| WHAT THIS TASK INVOLVES |
Retype all the records below exactly as they are, with no image carried over.

──────── PROVIDED RECORDS

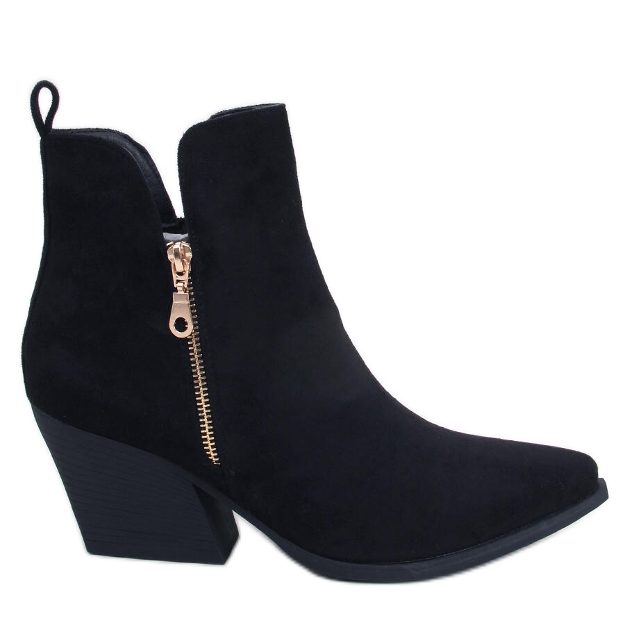 Black, suede cowboy boots are the essence of comfort combined with bold design. An eye-catching zipper adds elegance, while fashionable cutouts emphasize their unique character, allowing you to stand out from the crowd.
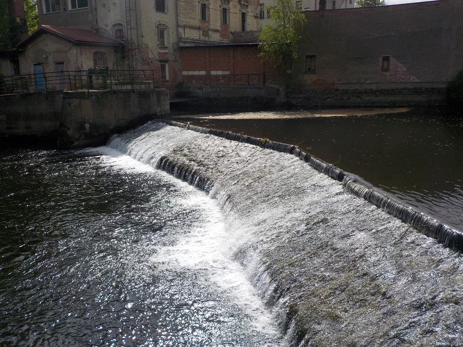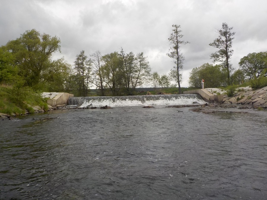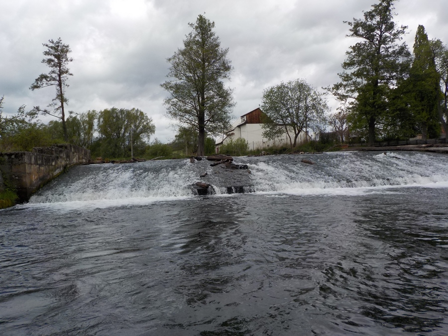 Dále projedeme Touškovem a na ř. km 13,9 dorazíme k jezu Kozolupy. Přenášíme ho vlevo – pravý břeh zabírá továrna a sání. Jez má šikmou, relativně strmou spádovou desku, zakončenou vysokým schodem, a navíc je zvýšen prkennou nástavbou na železných profilech.
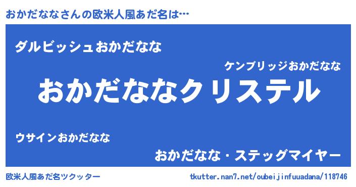 | 女子向けラノベタイトル風あだ名 | 『おかだなな伯爵の花嫁』 |
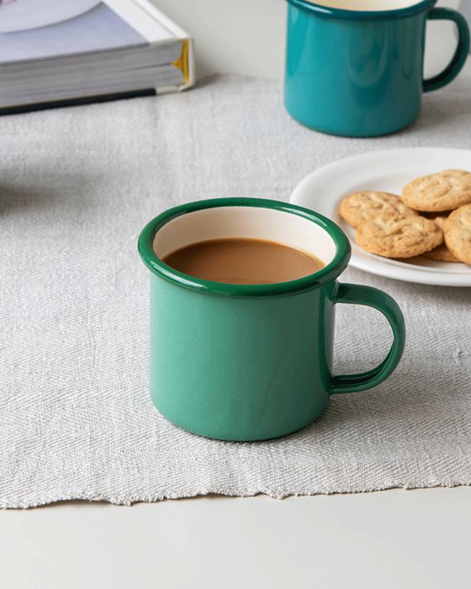 A cute little enamel cup with a handle. Perfect for hot chocolate in the forest or hot tea in the garden at home.
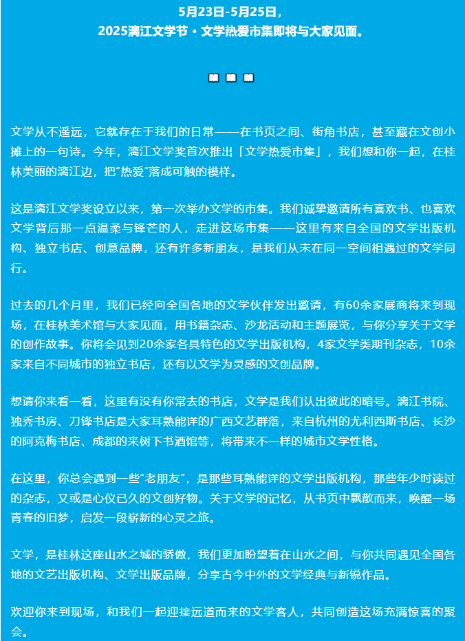 2025漓江文学节 · 文学热爱市集 参展全名单

────────────────

| COMPLETED EXERCISE |
 Black, suede cowboy boots are the essence of comfort combined with bold design. An eye-catching zipper adds elegance, while fashionable cutouts emphasize their unique character, allowing you to stand out from the crowd.
 Dále projedeme Touškovem a na ř. km 13,9 dorazíme k jezu Kozolupy. Přenášíme ho vlevo – pravý břeh zabírá továrna a sání. Jez má šikmou, relativně strmou spádovou desku, zakončenou vysokým schodem, a navíc je zvýšen prkennou nástavbou na železných profilech.
 | 女子向けラノベタイトル風あだ名 | 『おかだなな伯爵の花嫁』 |
 A cute little enamel cup with a handle. Perfect for hot chocolate in the forest or hot tea in the garden at home.
 2025漓江文学节 · 文学热爱市集 参展全名单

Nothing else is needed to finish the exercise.